Total code: about 150 lines of bash + a systemd unit. The script itself reads its bot token from the same on-box agent stack, so there's nothing new to deploy or rotate.
The harder question
The watchdog works. It's been running for about two hours as I write this. The queue drained cleanly after I added it. New uploads now flow through.
But the watchdog is a recovery mechanism, not a prevention one. It restarts services when they crash. It doesn't stop them crashing.
The structural problem hasn't gone away: two heavy GPU clients (OCR via ROCm, LLM via Vulkan) sharing one physical AMD iGPU. Under sustained burst load they will fight, and the Vulkan client will lose. The watchdog will catch each loss within 180 seconds and restart it. The user will see a 3-minute "your batch is processing…" pause. Sometimes more.

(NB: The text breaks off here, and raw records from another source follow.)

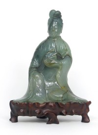 19 - 19th C CHINESE CARVED JADEITE MAIDEN 19th century Chinese carved jadeite figure of a maiden. Measures 5 5/8" (14.2cm) height + 1 1/4" (3cm) fitted wooden base.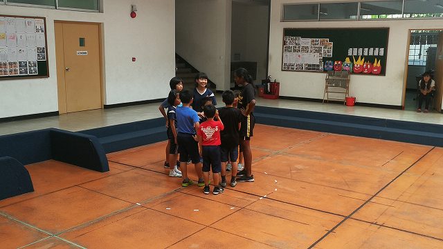 水曜日の長休みは、体育委員会主催の全校遊びを行っています。今日は、 王様ドッジボールを行いました。片方のチームの3連勝でした。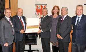 Den Großen Verdienstorden des Landes Südtirol hat Landeshauptmann Luis Durnwalder heute (3. November) dem Intendanten des Bayerischen Rundfunks (BR), Thomas Gruber, überreicht. "Gruber hat nicht nur dafür gesorgt, dass Südtirol stets als Thema im BR und in der ARD präsent war, er hat auch maßgeblich dazu beigetragen, dass wir in Südtirol das deutsche Fernsehen beziehen können", so Durnwalder.
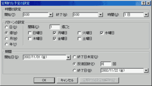 すると、パターン:「月曜日/水曜日/金曜日。2002/11/01 から 2002/11/13 まで有効」と表示されました。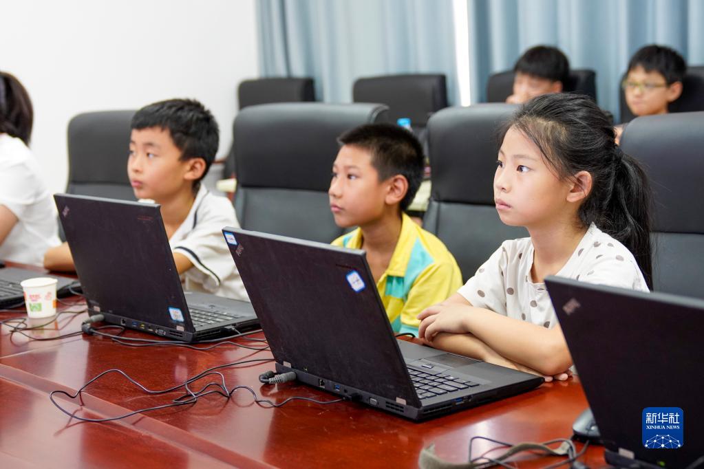 8月24日,在重慶豐都縣高家鎮汶溪社區黨群服務(wù)中心內,幾名加入家庭教育互助會(huì )的孩子在機器人編程課上學(xué)習如何為智能機器人編程。

There are four directions out of this:
- Throttle the queue worker — insert a 30-60 second gap between jobs. Trades user-perceived speed for stability. Probably fine for low-volume use, but feels like papering over the problem.
- Make Stage 2 cloud-fallback aware — when the local LLM has crashed recently, route the next call to a cloud LLM instead. The pipeline already has the abstraction; the routing logic is small. Costs maybe SGD 0.50 per 100 documents at typical volume — real money but not breakage-money.
- Add a watchdog and live with it (what we did today). Cheap, observable, doesn't change the architecture. But every restart costs user latency, and you'll see them in the logs forever.
- Move the LLM off the workstation entirely — to a dedicated server (DGX Spark at SGD 7-8k), or to cloud full-time. Eliminates the contention root cause. Highest capital cost; lowest ongoing pain.
There's no objectively right answer; it depends on volume, budget, and how much variability in user-perceived latency you can tolerate. A workstation-tier deployment is a beautiful answer for prototyping and low-volume real use. It is not a beautiful answer for "burst of eight uploads at the same moment, every day, forever."
What this means if you're building something similar
A few rules I'd internalise before the next time:
- Burst-load test before you call it production. Trickle load hides every structural concurrency problem. Half an hour of bursting forty documents at a stack will tell you in advance what today's incident told me retrospectively.
- Single-worker servers need a CPU-aware watchdog, not just an HTTP one. The two-signal check is twenty lines of bash. It pays for itself the first time it doesn't kill a legit long call.
- Vulkan and ROCm on the same AMD GPU is a sharp edge. Not a deal-breaker; today's stack is still useful. But know that the failure mode exists, isn't documented well, and won't show up in any benchmark.
- The right point to graduate from workstation to dedicated server is when burst load happens often enough that the watchdog fires more than once a week. Until then, you're optimising for the wrong constraint.
The actual line between "workstation is enough" and "you need a server" is a function of how concurrent your real users are. For most teams that line is much further out than the vendor brochures imply. Today I learned where mine is.
Working notes from a hands-on day. Today's stack ships in production again as I write this — the watchdog is armed, the inputs are pixel-normalised, the gateway has its error guard. Tomorrow's first job will tell me whether any of this needs another pass.